Based on the Statistics from General Council of the Court for 2017, 2,214 employment disputes in 2016 and 2,220 employment disputes in 2017 were resolved by the first instance court, which is about 5 percent of the total civil litigation.

The total labour litigation is divided in the following three categories:

1.     Dismissal of employment without legal ground;

2.     Salary or compensation related disputes; and

3.     Illegal transfer to another job.

Based on the above statistics, the Company or employer breaches the employment termination procedure.

Key case law affecting employers’ decision making over dismissals, redundancies, etc.

In accordance with the Labour Law 1999, an employer may terminate employment for one of the following grounds:

a)     if a business entity or organisation, or its branch or unit is dissolved, or the respective position is abolished, or the number of employees is reduced;

b)    if the employee cannot meet the job requirements due to his/her poor professional qualification, skill or health reasons;

c)     if the employee reached the age of 60 and is entitled to receive pension;

d)     if the employee has repeatedly violated the labour discipline, or has committed a serious violation, which would automatically terminate the labour relations as specified by the employment agreement;

e)     if the employee in charge of assets and money has misacted or failed to act, which has resulted in the loss of the employer's trust;

f)      if the employee has been elected or appointed to perform other work at a job or position;

g)     other grounds set forth in the individual employment agreements.

The most common legal grounds used by the employer to terminate the employment are (a) and (b). As economy is not doing well due to reduction of minerals price in the global market and Mongolian economy is heavily depending on the mining industry, last 2 years, some positions within companies were abolished, and many companies in Mongolia had to make staff redundancy.

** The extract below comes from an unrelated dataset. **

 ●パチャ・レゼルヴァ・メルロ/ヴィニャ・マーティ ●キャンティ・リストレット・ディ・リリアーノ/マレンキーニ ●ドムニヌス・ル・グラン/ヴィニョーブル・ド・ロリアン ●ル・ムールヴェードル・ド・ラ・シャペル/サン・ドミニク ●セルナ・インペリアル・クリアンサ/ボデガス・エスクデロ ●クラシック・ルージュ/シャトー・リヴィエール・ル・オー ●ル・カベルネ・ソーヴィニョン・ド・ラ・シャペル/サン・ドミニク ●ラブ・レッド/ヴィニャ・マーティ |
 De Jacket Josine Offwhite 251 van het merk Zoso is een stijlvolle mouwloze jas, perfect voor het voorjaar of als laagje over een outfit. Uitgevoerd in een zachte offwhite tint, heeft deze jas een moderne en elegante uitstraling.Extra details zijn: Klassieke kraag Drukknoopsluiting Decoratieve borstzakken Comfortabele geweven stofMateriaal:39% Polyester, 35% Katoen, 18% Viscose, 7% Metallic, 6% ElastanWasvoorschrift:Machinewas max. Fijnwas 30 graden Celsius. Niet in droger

To terminate employment, the employer shall follow the following steps:

a)     give 30 days written notice of termination; or 45 days written notice of mass discharge of employees;

b)     upon receipt of the notice, the employee shall sign a copy thereof;

c)     the employer shall allow employee to work during the notice period;

d)    in case of the mass discharge of employees, the employer shall negotiate redundancy compensation with representatives of the employees.

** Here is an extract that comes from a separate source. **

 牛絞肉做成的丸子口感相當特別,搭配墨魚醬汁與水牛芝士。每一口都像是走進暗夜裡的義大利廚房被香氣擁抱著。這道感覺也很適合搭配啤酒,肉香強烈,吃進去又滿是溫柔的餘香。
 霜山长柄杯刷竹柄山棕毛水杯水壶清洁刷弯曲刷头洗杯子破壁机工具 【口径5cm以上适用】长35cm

e)  the Executive Director or an authorised officer shall issue the resolution on employment termination (hereinafter - ‘Director’s Resolution’);

f)     complete and provide the employee with the social insurance and health insurance records together with the termination resolution on the last day of employment.

When terminating an employment agreement, the employer shall establish a certain period for the transfer of duties to the new Employee and indicate such a period in the respective Director’s Resolution.

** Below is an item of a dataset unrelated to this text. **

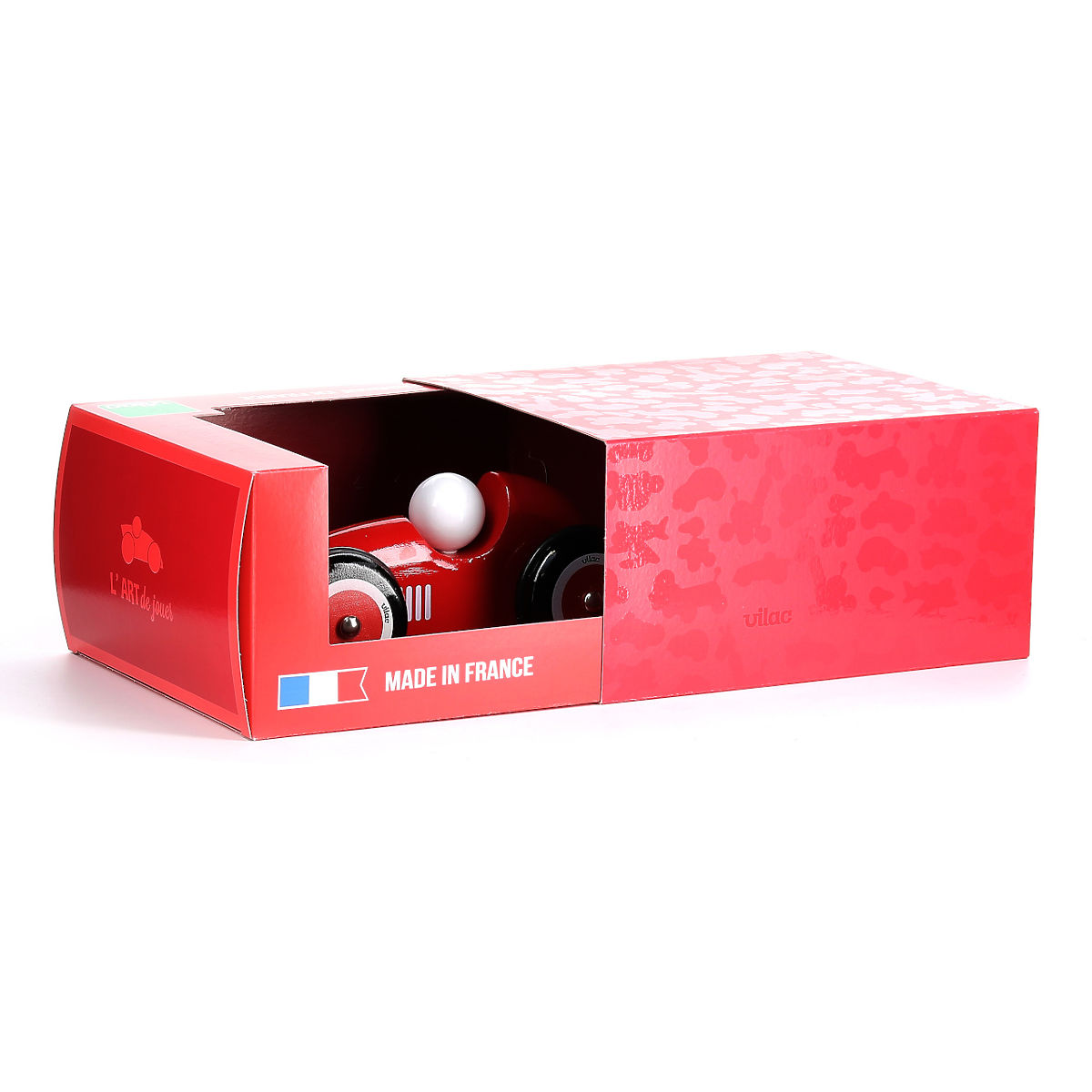 Grande macchinina in legno dalle forme e colori unici, che suscita entusiasmo e voglia di correre in ogni pilota, piccolo o grande. Con il suo design, attira facilmente i collezionisti adulti e, grazie alle sue dimensioni, diventa un complemento d'arredo che non passa inosservato. Le parti dell'auto sono in legno massiccio laccato con il tradizionale processo di immersione nei bagni di colore. Le robuste ruote sono caratterizzate da un movimento fluido e sono dotate di anelli in gomma, che rendono il giocattolo silenzioso durante il movimento. Prodotto in Francia, viene fornito in una confezione premium. Caratteristiche principali: design unico e lavorazione silenziosa e raffinata, prodotto in Francia

The employer shall provide the employee dismissed with the decision on dismissal, social and health records together with the dismissal compensation on the date of dismissal.

If the employer skips or misses one of the above steps, it will be considered as a breach of the procedure. The employee may file a claim with the court for protecting his/her interest and there is high probability of the employee’s successemployer in the court hearing.

The employer shall issue a letter of reference concerning the profession, specialisation, position, and remuneration at the employee’s request.

Recent statutory or legislative changes

The Law on Offence was passed on 1 May 2017 and became effective from 1 July 2017. The law provides for new sanctions in case of violation of the current labour law. They are:

1.     If the resolution on hiring an employee is not issued, social insurance records and health insurance records are not started, appropriate notes on social insurance records and health insurance records are not made on the date of employment agreement,, the law provides for a penalty for officials in the amount of 150,000MNT(app 62USD), and for legal entities - 1,500,000MNT (app 617USD), as well as for loss and costs compensation.

2.    The same sanction shall apply, in case an employee war required to worked overtime in excess of the established overtime limit.

3.    If employer paid remuneration to the employee under employment agreement, hire agreement or other similar agreements in the amount lower that the base salary or minimum wage, or did not pay the base salary on time or delayed payment without justification, or did not pay the standby salary, or paid the standby salary in the amount lower that it is stated under the law, the caused loss and incurred costs shall be compensated, and the penaty shall be iposed on officials in the amount of 500,000MNT(app 208USD), on legal entities - 5,000,000MNT (app 2083USD).

4.     If the labour internal policy, list of job and position, job descriptions, directory of the position, labour norm and normative, national salary range were not adopted and adhered, and intentionally social insurance and health insurance records were not started, the law provides for a penalty on officials in the amount of 150,000MNT(app 62USD).

New draft Labour Law

The draft Labour Law of Mongolia was developed by the Government and submitted to the Parliament in 2017.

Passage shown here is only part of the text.